We can apply this result to show that any f :: ∀a. a -> a must be the identity function: picking a⃯ = const x, we get const x (f x) ≡ f (const x x), i.e. x ≡ f x, as required.

NOTE. We are doing fast and loose reasoning in this tutorial and will completely ignore any totality issues. See Automatically Generating Counterexamples to Naive Free Theorems, or the associated web interface, for some insights about what wrong conclusions we can draw by ignoring totality.

Example: ∀a. a -> a -> a

Intuitively, there are only two things a function f :: ∀a. a -> a -> a can do: it can either return its first argument, or it can return its second argument. What does parametricity tell us? Let’s see:

     f ℛ(a. a -> a -> a) f
iff  forall A, A', a :: AA'.
       f@A ℛ(a -> a -> a) f@A'
-- applying the rule for functions twice
iff  forall A, A', a :: AA', x :: A, x' :: A', y :: A, y' :: A'.
       if x ℛ(a) x', y ℛ(a) y' then f x y ℛ(a) f x' y'

Let’s again specialize the last line to pick a function a⃯ :: A -> A' for the relation a:

     forall x :: A, x' :: A', y :: A, y' :: A'.
       if x ℛ(a⃯) x', y ℛ(a⃯) y' then f x y ℛ(a⃯) f x' y'
-- a⃯ is a function
iff  forall x :: A, y :: A.
       if a⃯ x ≡ x' and a⃯ y ≡ y' then a⃯ (f x y) ≡ f x' y'
-- simplify
iff  a⃯ (f x y) = f (a⃯ x) (a⃯ y)

So parametricity allows us to “push in” or “distribute” a⃯ over f.
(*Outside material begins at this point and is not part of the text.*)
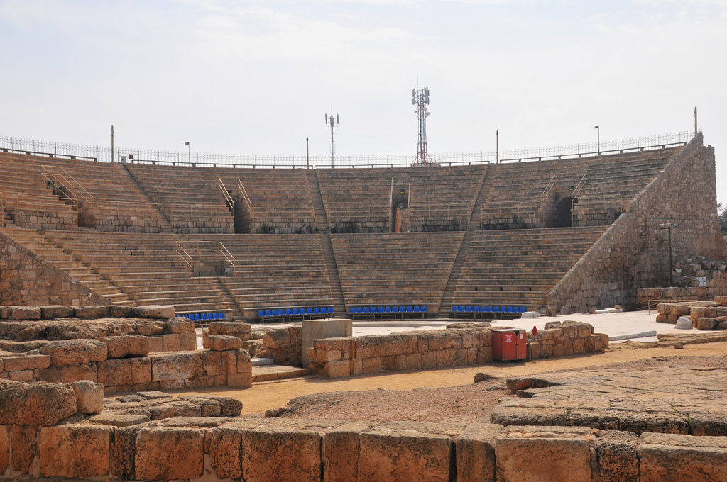 The Roman Theatre in Caesarea Maritima, Israel

The fact that f must either return its first or its second argument follows from parametricity, but not in a completely obvious way; see the reddit thread How to use free theorems.

 Example: ∀ab. a -> b

Other than undefined (which we are ignoring), there can be no function f :: ∀ab. a -> b. Let’s suppose that one did exist; what does parametricity tell us?

     f ℛ(ab. a -> b) f
-- applying the rule for universal quantification, twice
iff  forall A, A', B, B', a :: AA', b :: BB'.
       f@A,B ℛ(a -> b) f@A',B'
-- applying the rule for functions
iff  forall A, A', B, B', a :: AA', b :: BB', x :: A, x' :: A'.
       if x ℛ(a) x' then f x ℛ(b) f x'

Picking two functions a⃯ :: A -> A' and b⃯ :: B -> B' for a and b, we get

b⃯ . f = f . a⃯

It’s not too difficult to derive contradiction from this (remember that you can pick any two functions a⃯ and b⃯ between any types of your choosing). Hence, such a function cannot exist.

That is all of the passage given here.